---
name: "ai-agent-safety-review"
description: "**DEFAULT for AI agent safety reviews — dispatches security-auditor + risk-and-controls-reviewer with AI/agent safety focus.**"
when_to_use: "Manual-only. Invoke for AI/LLM safety review: tool-calling boundaries, prompt injection vectors, retrieval trust, memory/context handling, autonomy controls, or prompt hardening for a specific prompt or skill body."
argument-hint: "[system|tool|prompt|focus]"
tier: "specialist"
aliases: ["prompt-hardening"]
disable-model-invocation: true
output_style: "concise-review"
allowed-tools: "Read, Grep, Glob, Bash, Write, Edit, MultiEdit, Agent"
---

# AI Agent Safety Review

Apply discipline per `${CLAUDE_PLUGIN_ROOT}/_shared/DISCIPLINE.md` (covers `$ARGUMENTS` handling, evidence, validation, and safety).

## Dispatch policy (V8)

**Dispatch target:** `ultraprompt:auditor` (focus: `ai-safety`).

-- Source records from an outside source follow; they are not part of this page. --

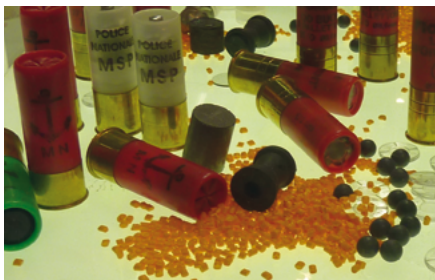
12 gauge (shotgun) kinetic impact projectiles
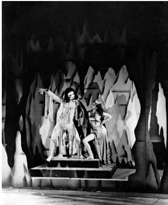
A previously unpublished photo of a young Shirley Clarke dancing as a member of the Carolina Playmakers theater group at the University of North Carolina.
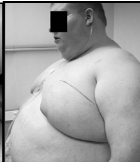
(Left) Despite only subtle changes in legs, this 19 year old man had oedema to the chest. (Right) Two older individuals with chronic changes from long standing oedema
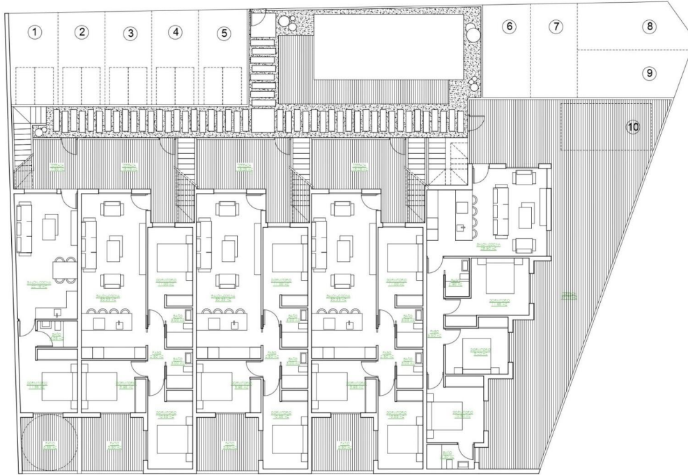
Planta Baja Conjunto

See `${CLAUDE_PLUGIN_ROOT}/_shared/DISPATCH-POLICY.md` for the full V8 dispatch decision tree, Task call template, and inline-override conditions.

## Distinctive judgment

LLM systems have a unique attack surface: prompts and retrieved content are mixed with instructions, and the model treats both as authoritative. Trust boundaries must be explicit (this is data, that is instruction). Tool-calling is privilege escalation: each tool a model can call is an action it can take. Autonomy controls (human-in-loop, confirmation, audit) are part of the design, not afterthoughts.

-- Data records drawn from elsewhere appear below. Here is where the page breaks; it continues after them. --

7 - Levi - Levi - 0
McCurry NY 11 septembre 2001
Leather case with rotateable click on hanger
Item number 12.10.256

## First signals to inspect

- System prompt content: are instructions clearly separated from user data?
- Retrieval pipeline: is retrieved content marked as untrusted? Is it shown verbatim to the model?
- Tool inventory: what can the model call? With what side effects?
- Memory/context: what persists across turns or sessions? Who can poison it?
- Autonomy: where does the model act vs ask?
- Output channels: where does model output go? (UI, logs, downstream systems, other models)
- Prompt injection vectors: any path where attacker-controlled text reaches the model

## Failure modes specific to this lane

- Concatenating user input directly into the system prompt
- Showing retrieved web content to the model without trust boundary marking (classic prompt injection vector)
- Tool that takes a free-text argument and executes it (shell, eval, SQL)
- Memory shared across users (one user can poison another's session)
- Auto-approval of tool calls that should require human confirmation
- Logging the full prompt + completion (often contains secrets, PII)
- Retrieved context that the model trusts as authoritative when it shouldn't

## Workflow

1. Inventory: prompts, tools, retrieval sources, memory, output channels.
2. Map trust boundaries. Confirm separation of instruction vs data.
3. Audit each tool: what does it do, what's the side-effect blast radius, what's the confirmation gate.
4. Audit retrieval: is content marked, sandboxed, or sanitized before reaching the model?
5. Audit memory/context for cross-user contamination.
6. Audit autonomy controls: where can the model act, where must it ask?
7. Audit output channels for log/audit safety.
8. Apply hardening: prompt restructuring, tool argument validation, retrieval marking, confirmation gates.

## Validation

Run prompt-injection eval cases (test corpus of known injection strings). Test tool argument validation with adversarial inputs. Test memory isolation across simulated users. For prompts: run before/after eval suite if available.

## Output contract

Schema below + `${CLAUDE_PLUGIN_ROOT}/_shared/OUTPUT-CONTRACT.md` + `concise-review` style.

```yaml
schema:
  - field: Scope
    type: section
    required: true
    evidence_rule: "none"
  - field: Trust Boundary Map
    type: section
    required: true
    evidence_rule: "none"
  - field: Tool Audit
    type: section
    required: true
    evidence_rule: "none"
  - field: Retrieval Audit
    type: section
    required: true
    evidence_rule: "none"
  - field: Memory/Context Audit
    type: section
    required: true
    evidence_rule: "none"
  - field: Autonomy Audit
    type: section
    required: true
    evidence_rule: "none"
  - field: Hardenings Applied
    type: section
    required: true
    evidence_rule: "none"
  - field: Remaining Risks
    type: section
    required: true
    evidence_rule: "named risk + likelihood + impact"
```

Scope | Trust Boundary Map | Tool Audit (per tool: side effect, confirmation gate, hardening) | Retrieval Audit | Memory/Context Audit | Autonomy Audit | Hardenings Applied | Remaining Risks

## Subagent delegation

Dispatch `auditor` with focus=ai-safety. See `_shared/playbooks/prompt-injection-patterns.md` and `_shared/playbooks/prompt-hardening-checklist.md`.

## V4 aliases

This skill answers to V4 names: `prompt-hardening`. The router resolves them to `ai-agent-safety-review` and notes the alias in its response.